# REQUIRED WORK
The first line of the entries is where the copy starts and the line with "Но мух и квакш" is where it ends; set down each line exactly, both ends included, and drop pictures.

|---|

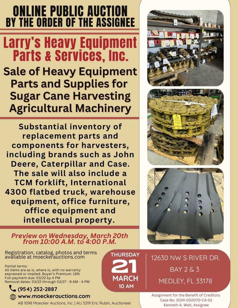 Sale will consist of a vast array of heavy equipment parts and supplies specifically designed for sugar cane harvesting agricultural machinery. This includes a substantial inventory of replacement parts and components for harvesters, including renowned brands such as John Deere, Caterpillar, and Case. The sale will also include a TCM forklift, International 4300 SBA 4X2 flatbed truck, warehouse equipment, office furniture, office equipment and intellectual property (IP).
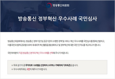 이헌 혁신기획담당관은 “국민이 직접 방송통신 분야 혁신 우수사례를 선정하는데 참여함으로써 그간 방통위와 방송통신 공공기관들이 수행한 정책 및 서비스 혁신사례가 보다 쉽게 국민에게 공유되고, 정부혁신에 대한 국민 인식도 높일 수 있을 것”이라고 말했다.
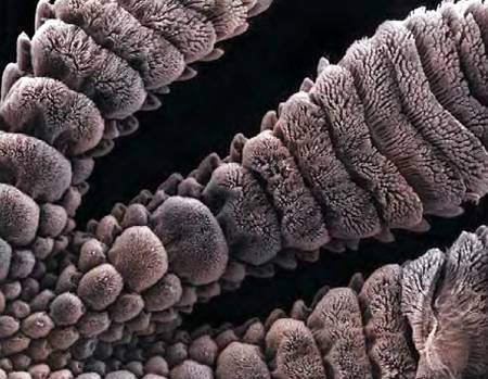 Но мух и квакш превосходит в умении бегать по потолкам стенной геккон. Взгляните на сильно увеличенное изображение лапок этой ящерицы. Они снабжены мускулистыми подушечками со складками, которые способны охватывать малейший выступ поверхности.
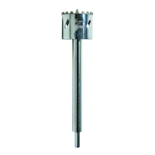 Serra Copo Diamantada com HasteCaracterísitcas Diamante industrial - alta performance. Haste de 150mm com encaixe hexagonal, acompanha o produto na versão com haste. Pino guia para furos que exigem mais precisão. Encaixe hexagonal no mandril permite retirar a serra após o uso . Possibilidade de utilização dos suportes de linha da Starrett® Mais rápida e com longa vida útil Fácil retirada do cavaco através dos canais Menor esforço do operador, economiza mais bateria Profundidade de corte de 38mm 1.1/2” Aplicações sem refrigeração Alvenaria - blocos cerâmicos, tijolos, telhas etc.Aplicações com refrigeração Porcelanatos - pisos e revestimentos Pedras - granitos, mármores, ardósia e materiais similaresÁreas de Utilização Instalações de ar condicionado Instalações hidráulicas tubulações e torneiras Instalações elétricas fios, cabos, telefonia, cerca elétrica etc. Podem ser utilizadas em todos os tipos de máquinas, hobby, profissional e industrial com mandril tradicional para uso em máquinas com encaixe SDS, temos disponível a haste SDS avulsa . Hastes Avulsas Disponíveis Encaixe hexagonal 150mm com pino guia Encaixe SDS 200mm com pino guia *Atenção: A função martelete deve ser desligada durante o uso. Marca: Não Informado
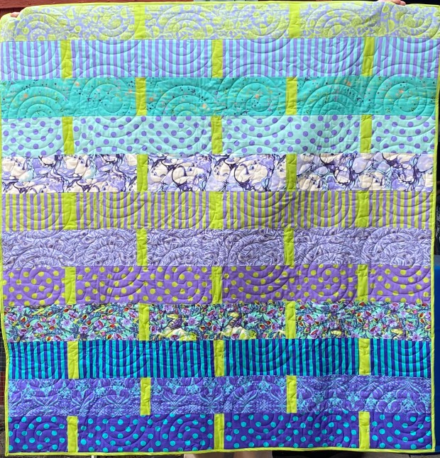 Maker: Betty Alstadt Book: A Book That Takes Its Time About this Quilt: The book and quilt are for an older teenager. The size is 49″ wide by 60″ long. The quilt pattern is based on Tossed Squares by Debra Finan. The fabrics were selected for their cheerfulness and brightness. Fabrics are from Free Spirit Fabrics, including Outlander, Kaffee Fassett, Tula Pink, Riley Blade Glohaven and Moda Zen Chic. The quilting was done by me using a domestic machine.

|---|

# WRITTEN ANSWER
 Sale will consist of a vast array of heavy equipment parts and supplies specifically designed for sugar cane harvesting agricultural machinery. This includes a substantial inventory of replacement parts and components for harvesters, including renowned brands such as John Deere, Caterpillar, and Case. The sale will also include a TCM forklift, International 4300 SBA 4X2 flatbed truck, warehouse equipment, office furniture, office equipment and intellectual property (IP).
 이헌 혁신기획담당관은 “국민이 직접 방송통신 분야 혁신 우수사례를 선정하는데 참여함으로써 그간 방통위와 방송통신 공공기관들이 수행한 정책 및 서비스 혁신사례가 보다 쉽게 국민에게 공유되고, 정부혁신에 대한 국민 인식도 높일 수 있을 것”이라고 말했다.
 Но мух и квакш превосходит в умении бегать по потолкам стенной геккон. Взгляните на сильно увеличенное изображение лапок этой ящерицы. Они снабжены мускулистыми подушечками со складками, которые способны охватывать малейший выступ поверхности.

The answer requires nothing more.